I realize I forgot to use “skinflint” in that last sentence. But I left it there, because it’s just sound advice.
Skinflint, as it turns out, means cheap or miserly, and is a more commonly used piece of slang in Ireland than it is over here in the states (where I’ve heard it approximately never). Regardless, though, it seems to serve as a rather odd, and faintly unappetizing name for a pizza restaurant (does ‘skinflint’ refer to the patrons or to the proprietors? Is the chef delivering an inferior product in order to cut costs? Or accusing us of being lousy tippers before we’ve had a chance to prove otherwise?) and for us Americans, we’d the added problem of struggling to remember the name.
“Was it Skin … something?”
“Was it? That seems like a terrible word to have in the name of restaurant.”
“I know, but I think it was. Skin something. Skinflack? Is that a thing?”
“I think that’s an old-timey ailment.”
“No. No. NO.”
“I think it could be Skinsnack.”
“It very well may be, but if it is, we aren’t eating there.”

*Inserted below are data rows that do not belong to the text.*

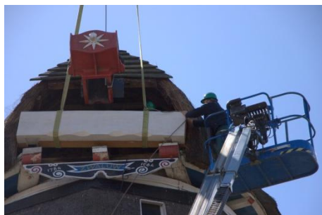
Plaatsen van de windpeluw

Naast de molen kreeg ook Het Pakhuis een opknapbeurt. De vrijwilligers plaatsten o.a. een glazen halletje bij de trapopgang en in de achtergevel werden de ramen, die er vroeger hebben gezeten, teruggeplaatst.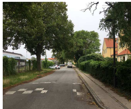
Træer langs Otto Busses Vej og udsnit af den Gule By, der bevares.

De 5 temaer understøtter 'Arkitektur der fortæller' i Københavns Kommunes arkitekturpolitik ved, at områdets kulturhistorie har inspireret til kurvede gadeforløb i syd inspireret af områdets jernbanespor, og bevaring af fysiske jernbanespor m.m. i den nordlige del. Der findes i dag ca. 98.000 m 2 etageareal eksisterende bebyggelse på det aktuelle byudviklingsareal, heraf foreslås 50-60.000 m 2 nedrevet i området som helhed, heraf ca. 15.000 m 2 i syd.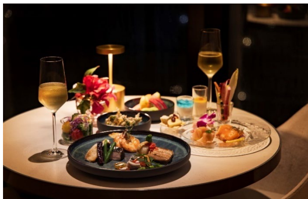
サンセットラウンジイメージ

ぎのわんに広がる碧く豊かな美ら海をお愉しみいただくお客さまのシーン・ニーズを探求し、朝な夕なにそれぞれの魅力あるお食事を提供いたします。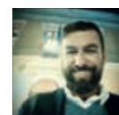
A cura di Enzo Santarelli ...dal 1970

Editore e proprietario del periodico Blu news dal 2012. Giornalista pubblicista Laureato in giurisprudenza Specialista in diritto ed economia dello sport nella U.E.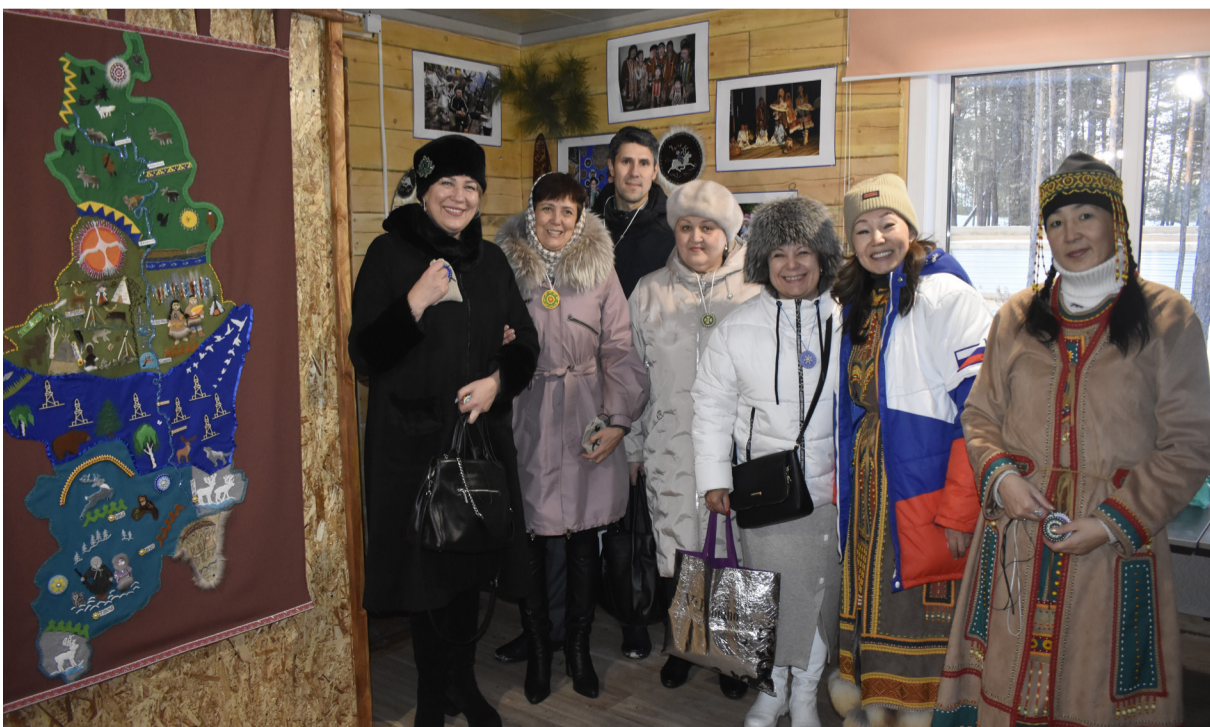
На фото: гости и организаторы торжественного открытия этнокультурного комплекса «Урикит»

Со времени начала строительства минуло несколько месяцев, и вот участники ЭНКЦ могут с полным правом сказать: «Мы строили, строили и, наконец, построили». У музея под открытым небом, созданного руками и знаниями самих носителей культуры, при помощи спонсорской поддержки, есть все шансы стать одним из центров притяжения не только Ербогачёна, но и всего Катангского района.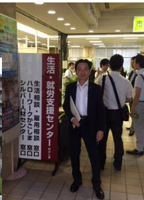
財政福祉委員会 行政視察 鹿児島市 生活・就労支援センターにて 7月12日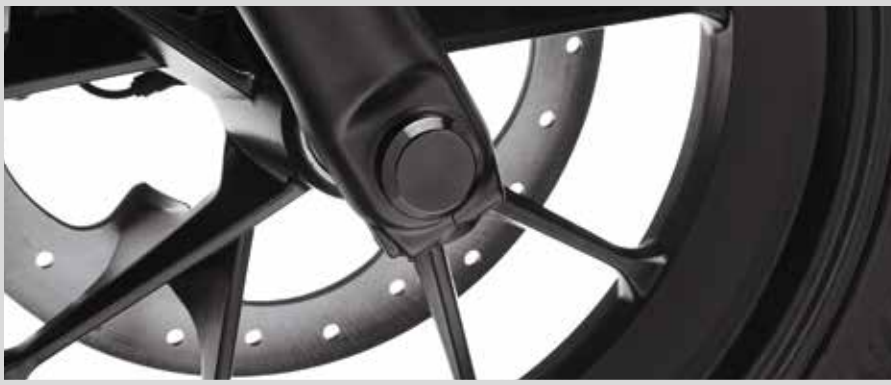
H. MUTTERNKAPPEN FÜR VORDERACHSE – SCHWARZGLÄNZEND

We eventually did make it to Skinflint, a dark and hip little restaurant that had come recommended to us by several Dubliners. It’s run by the same folks behind Crackbird, and while the experience was strange and fun, I don’t know if we enjoyed the food quite as much as we had at the other establishment.
They serve flatbread pizza, as well as a variety of starters that don’t seem to really go with pizza (slow-cooked ribs? Hummus? Pate?).
Rand and I decided to go forgo the appetizers and went straight for the pizza. Mine was one that doesn’t seem to appear on the menu all the time (unlike the Vonie, which is a popular choice, though some say it is merely meh. The tomato sauce has been replaced with harissa) – a mushroom pizza (porcini, I think) dusted with truffles.
Rand’s had chorizo and pecorino.
Each one arrived at the table in one long piece, atop a large slab of wood. Our waitress then deftly pulled out a seesaw like knife and rocked it back and forth along our pizzas, quickly dividing them into pieces. A bit unnecessary, perhaps, but ever suckers for tableside service, we loved it.
The pizza itself was good, but not great. It arrived at our table lukewarm, which is fine, if you consider that this is a food that can acceptably be eaten cold (though I never have, and never will). But I prefer my cheese to be oozy and runny, and not slightly congealed.
The crust was thin and crisp – near the edges, it shattered like a cracker. Towards the inside, the pizza was softer, which would have been fine had the dishes been hotter. Given that they were room temperature, the contrast between the center and edge of a the crust made it seem like it had grown unpleasantly soggy.
The flavors on each of ours were excellent. Mine was surprisingly mild, Rand’s delicately spicy. I couldn’t help but think that had the execution been slightly better, or had we been hungrier, or perhaps drunker, the pizza would have been nothing short of superb.
And perhaps that’s Skinflint’s target demographic. Stoned hipsters who’ve wandered in from the many pubs of Dublin, looking for a bite, but refusing to get kabobs. They flock to Skinflint, delighted to find something both highbrow and trashy.
How else can anyone explain the logic behind keeping a small pot of honey on every table, so that diners can drizzle some onto their pizzas?
Of course, despite being sober, we had to try it.
“It … it kind of works!” Rand said. I nodded.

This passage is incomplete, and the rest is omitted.